Copy the opening lines of the listing exactly, through and including the line with "Invitación 50.º cumpleaños"; do not copy any pictures.
* * *
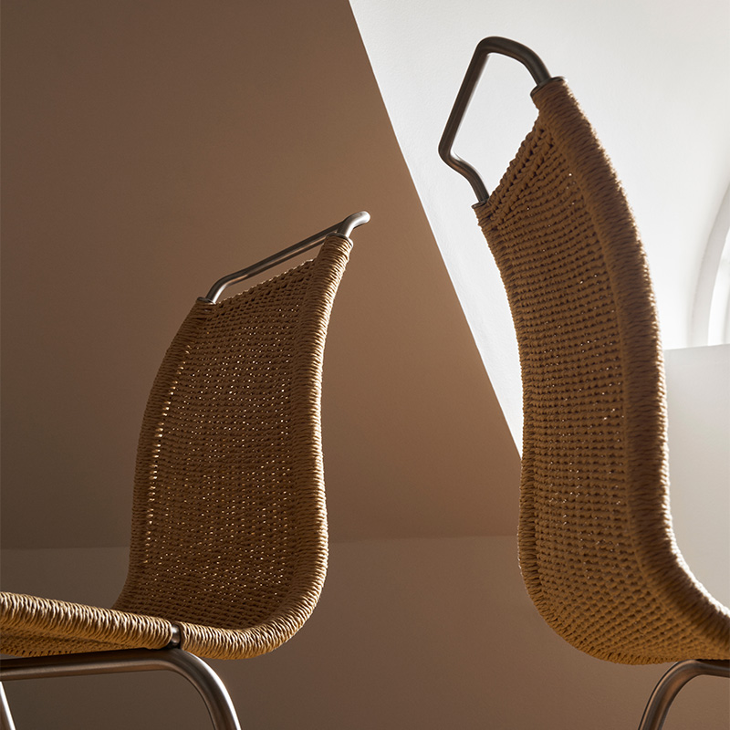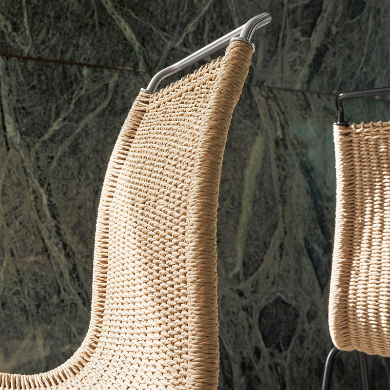 職人による手織りには15時間もの時間を要し、工業用スチールとペーパーコードの組み合わせによって軽量かつ優雅な印象を与えます。
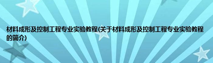 大家好,材料成形及控制工程专业实验教程,关于材料成形及控制工程专业实验教程的简介很多人还不知道,现在让我们一起来看看吧!
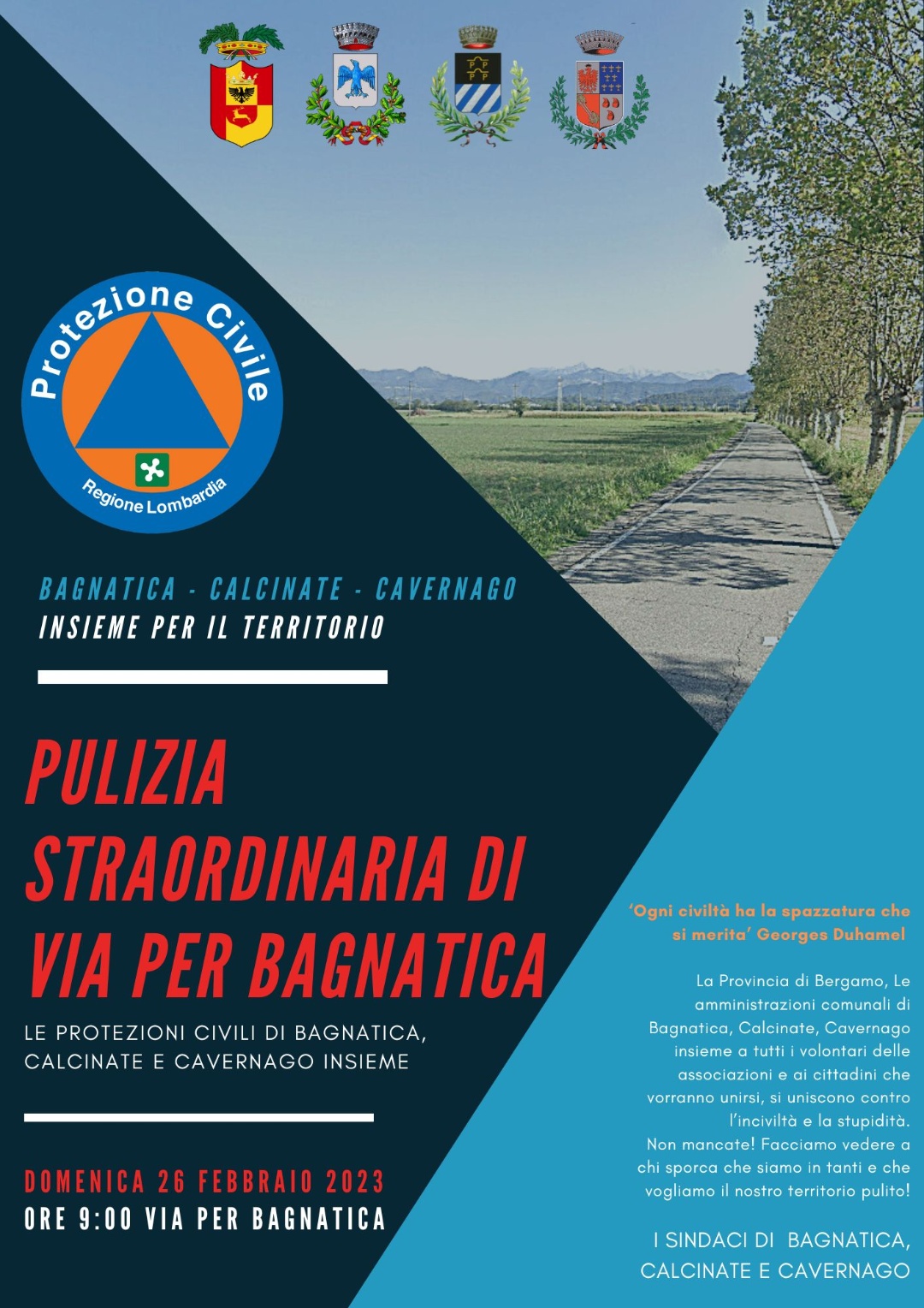 La Provincia di Bergamo, Le amministrazioni comunali di Bagnatica, Calcinate, Cavernago insieme a tutti i volontari delle associazioni e ai cittadini che vorranno unirsi, si uniscono contro l’inciviltà e la stupidità.
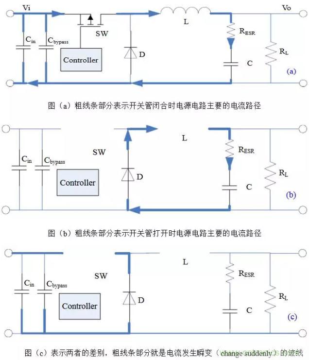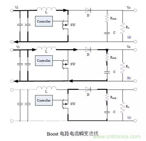 以Buck電路為例,不管開關(guān)管是由閉合-打開還是打開-閉合,電流發(fā)生瞬變的部分都如圖(c)所示,它們是會產(chǎn)生非常豐富的諧波分量的上升沿或下降沿。通俗的講,這些會產(chǎn)生瞬變的電流跡線(trace)就是所謂的“交流”(AC current),其余部分是“直流”(DC current)。當(dāng)然這里交直流的區(qū)別不是傳統(tǒng)教科書上的定義,而是指開關(guān)管的PWM頻率只是“交流”FFT變換里的一個分量,而在“直流”里這樣的諧波分量很低,可忽略不記。所以儲能電感屬于“直流”也就不奇怪,畢竟電感具有阻止電流發(fā)生瞬變的特性。因此,在開關(guān)電源布局時(shí),“交流”跡線是最重要和最需要仔細(xì)考慮的地方。這也是需要牢記的唯一基本定律(only basic rule),并適用于其它法則和拓?fù)?。下圖表示了Boost電路電流瞬變跡線,注意它和Buck電路的區(qū)別。
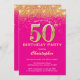 Invitación 50.º cumpleaños Purpurina de oro y rosado caliente
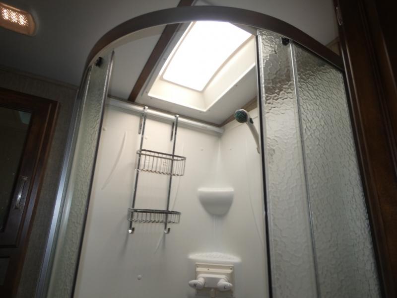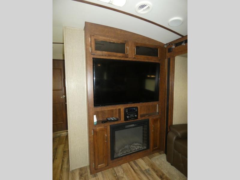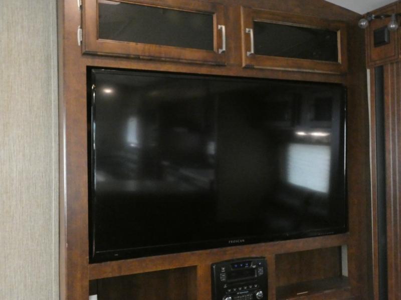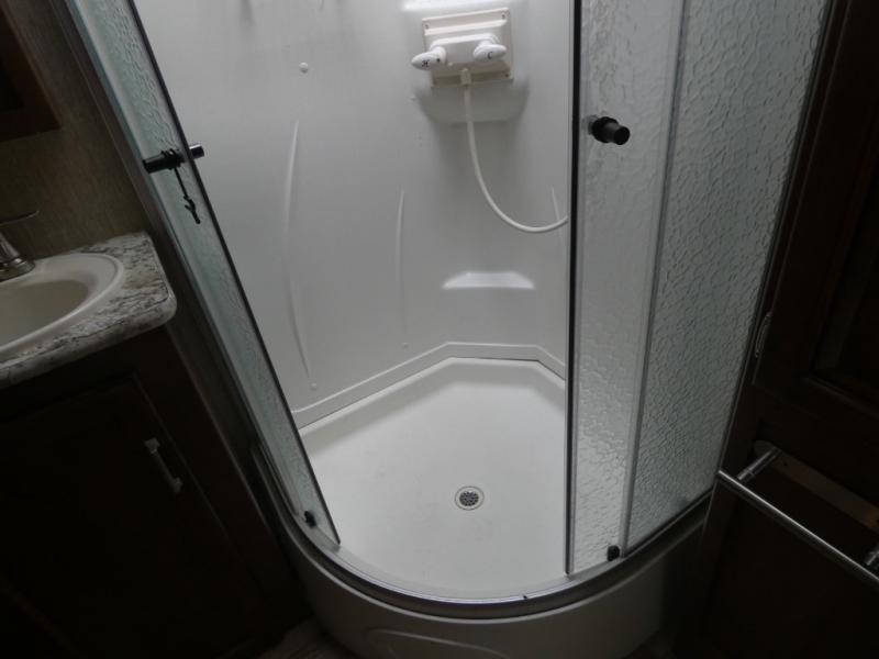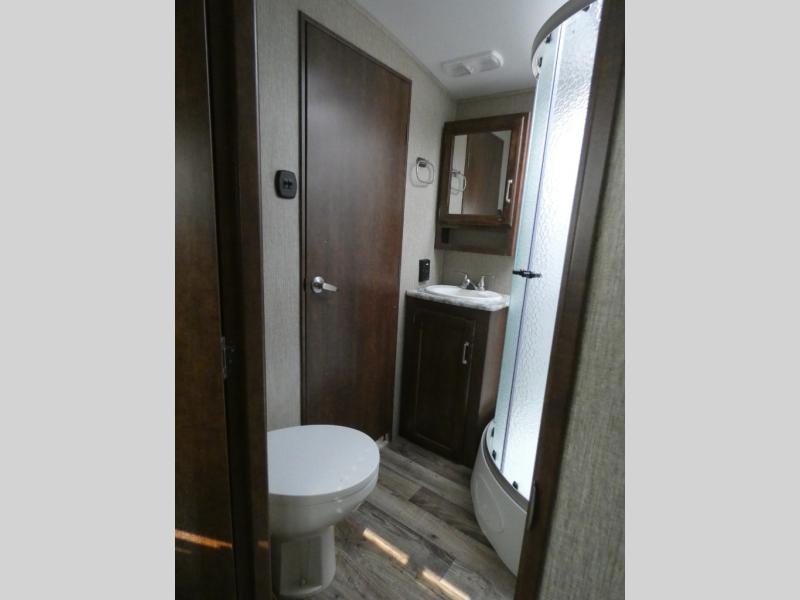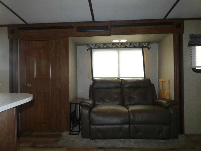 As you enter through the main door, you will find yourself in the kitchen area. Along the front of the trailer there is a u-dinette where you can enjoy your meals, and at night use this area for additional sleeping space. The PanaView window provides a perfect view to all your surroundings. The slide out along the door side features a large pantry and theater seating. On the opposite side of the trailer the slide out includes a refrigerator, three burner range, overhead cabinets, and a sleeper sofa. There is also a L-shaped counter with a large sink. Adjacent to the sofa sleeper, along the interior wall there is an entertainment center for your enjoyment. Here you can watch movies or your favorite shows.
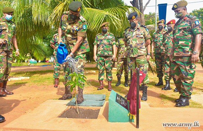 The Engineer Services Trade School (ESTS) in Galayaya in order to support the green concept, 'Thuru Mithuru Nawa Ratak' of the Commander of the Army on Tuesday (30) planted 250 saplings of Kumbuk, Mee, and Coconuts inside ESTS compound...
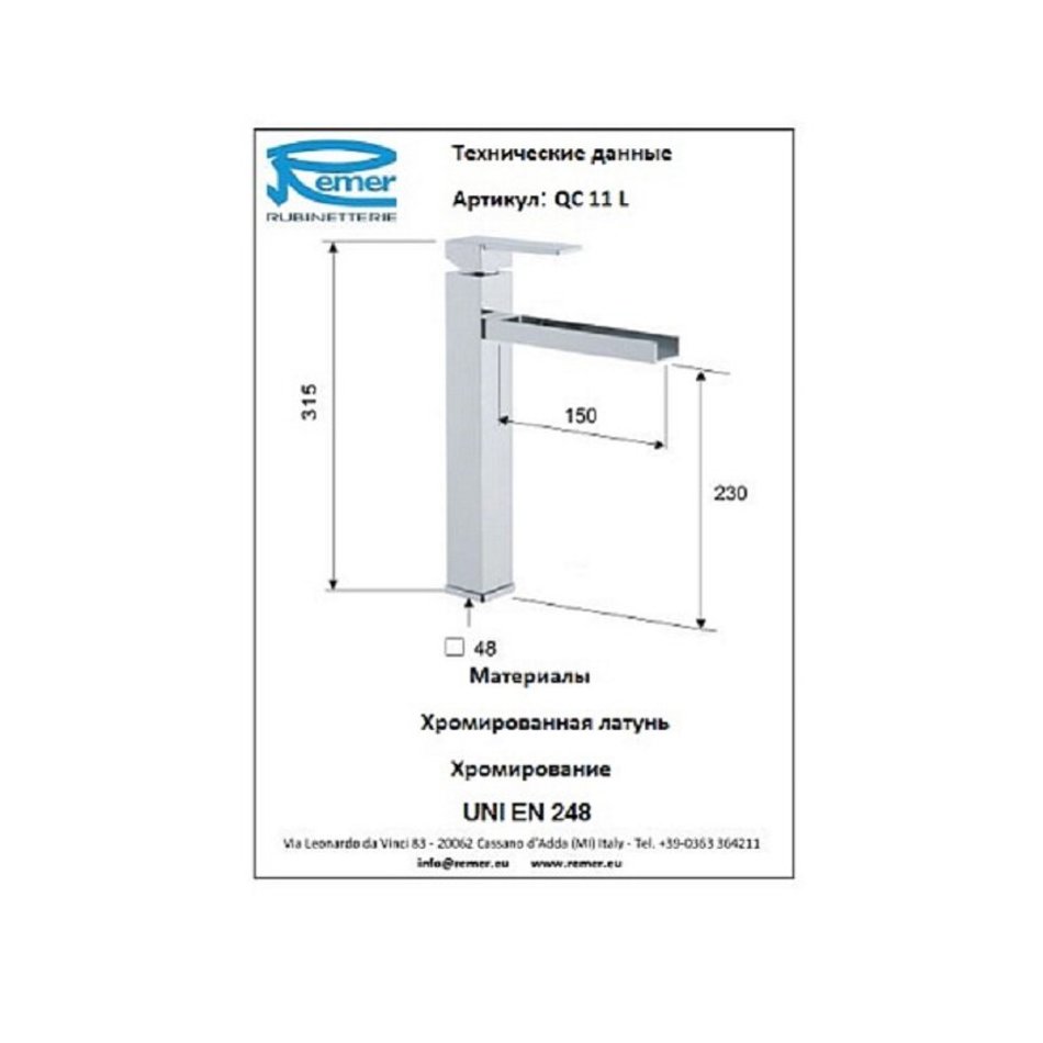 Смеситель Remer Qubika Cascata QC11L для раковины, без донного клапана, цвет хром
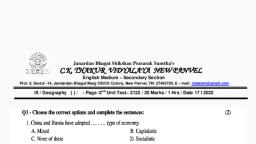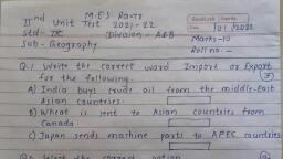 M. S. NAIK HIGH SCHOOL, RATNAGIRI, SECOND UNIT TEST, 2021-2022, , , , , , , , ACTIVITY SHEET, STD:- IX MARKS:- 20, SUB:- GEOGRAPHY TIME:- 1 HOUR, Q.1. Tick in front of the correct option: (2), 1. At which direction of IDL does a new day start?, A. East B. West [1 «=C. North [=| Sov I, , , , , , , , 2. In which year did Adam Smith published his book, ‘Wealth of Nations’?, A. 1767 [1 sB.1876 Esse Gc 1976 a] Ds17/c, , , , , , , , , , , , , , , , , , Q.2. Are the sentences right or wrong? (2), 1. GMT is known as World Standard Time., 2. The word ‘economics’ is derived from the French word ‘OIKONMIA’, , Q.3. Answer the following in one sentence each: (Any 3) (3), 1, What is World Standard Time?, 2. By what time the GMT and IST differ?, 3. To which economic factor is the management of individual or family finance related?, 4. What do you understand by Globalisation?, , Q.4. Which of the following routes the IDL will be crossed? (Any 2) (2), 1. Mumbai — London — New York — Los Angeles, 2. Tokyo — Delhi — Kolkata — Singapore — Melbourne, 3. Chennai — Singapore — Tokyo — Sydney - Santiago, , Q.5. Give geographical reason: (Any 1) (3), 1. IDLis proving to be very useful in today’s time., 2. The day start in the Pacific ocean of the earth., , Q.6. Explain the types of economies by filling correct information in the blanks given in the, table given below: (4), Capitalist Economy 7 i] Mixed Economy ; |, , | 1. Management in the private hands i a p, , a, 5 pe aah eae, , Bis 3. India, Sweden, Brazil,, , The United Kingdom (UK), , , , , , , , Q.7.Answer the following in detail: (Any 1) (4), 1. What considerations have been made while deciding the IDL?, 2. India has mixed economy., , ****All the Best****
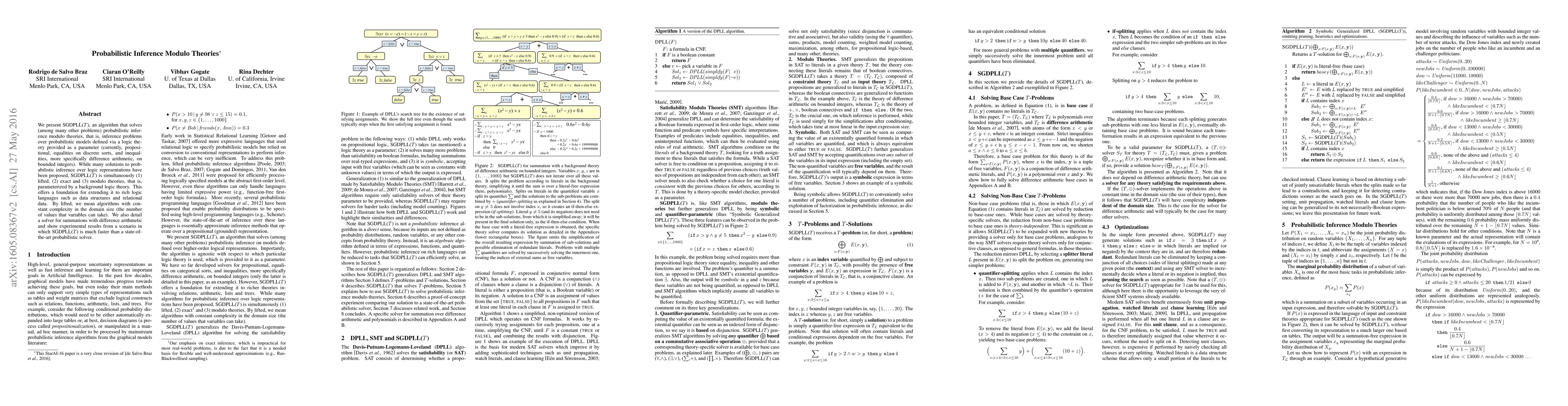 This paper introduces SGDPLL(T), an exact, lifted algorithm for probabilistic inference over logic theories, including propositional logic and arithmetic on bounded integers. It demonstrates superior performance compared to existing solvers in experimental scenarios.
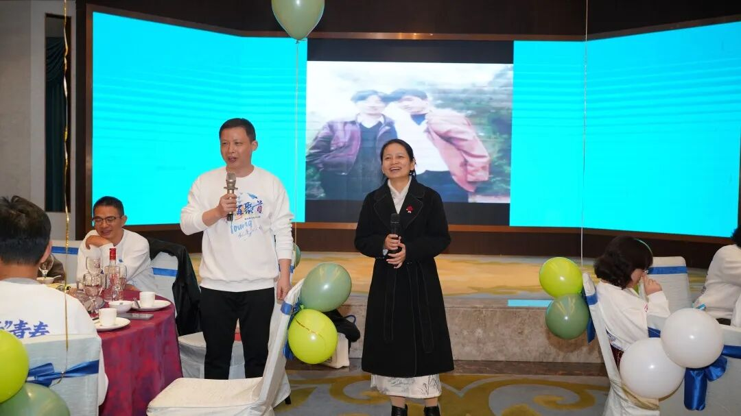 晚宴现场,校友们围坐畅谈,分享各自二十五年来的人生历程与职业感悟。辅导员马军老师的惊喜现身,更为活动增添了温暖与感动。他勉励大家继续坚守初心,在专业领域里持续精进。歌曲《以后的我们》《同桌的你》将现场气氛推向高潮。
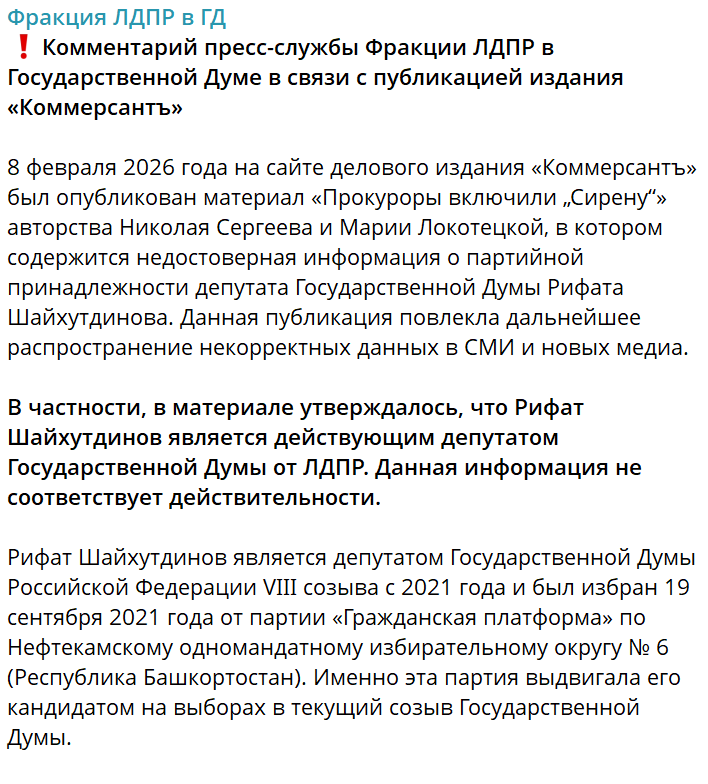 Представители ЛДПР заявили, что подозреваемый в коррупции депутат Госдумы Рифат Шайхутдинов не имеет к их партии никакого отношения. В официальном заявлении, опубликованном в Telegram-канале думской фракции ЛДПР, говорится, что политик был избран депутатом VIII созыва от партии "Гражданская платформа".
* * *
Result:
 職人による手織りには15時間もの時間を要し、工業用スチールとペーパーコードの組み合わせによって軽量かつ優雅な印象を与えます。
 大家好,材料成形及控制工程专业实验教程,关于材料成形及控制工程专业实验教程的简介很多人还不知道,现在让我们一起来看看吧!
 La Provincia di Bergamo, Le amministrazioni comunali di Bagnatica, Calcinate, Cavernago insieme a tutti i volontari delle associazioni e ai cittadini che vorranno unirsi, si uniscono contro l’inciviltà e la stupidità.
 以Buck電路為例,不管開關(guān)管是由閉合-打開還是打開-閉合,電流發(fā)生瞬變的部分都如圖(c)所示,它們是會產(chǎn)生非常豐富的諧波分量的上升沿或下降沿。通俗的講,這些會產(chǎn)生瞬變的電流跡線(trace)就是所謂的“交流”(AC current),其余部分是“直流”(DC current)。當(dāng)然這里交直流的區(qū)別不是傳統(tǒng)教科書上的定義,而是指開關(guān)管的PWM頻率只是“交流”FFT變換里的一個分量,而在“直流”里這樣的諧波分量很低,可忽略不記。所以儲能電感屬于“直流”也就不奇怪,畢竟電感具有阻止電流發(fā)生瞬變的特性。因此,在開關(guān)電源布局時(shí),“交流”跡線是最重要和最需要仔細(xì)考慮的地方。這也是需要牢記的唯一基本定律(only basic rule),并適用于其它法則和拓?fù)?。下圖表示了Boost電路電流瞬變跡線,注意它和Buck電路的區(qū)別。
 Invitación 50.º cumpleaños Purpurina de oro y rosado caliente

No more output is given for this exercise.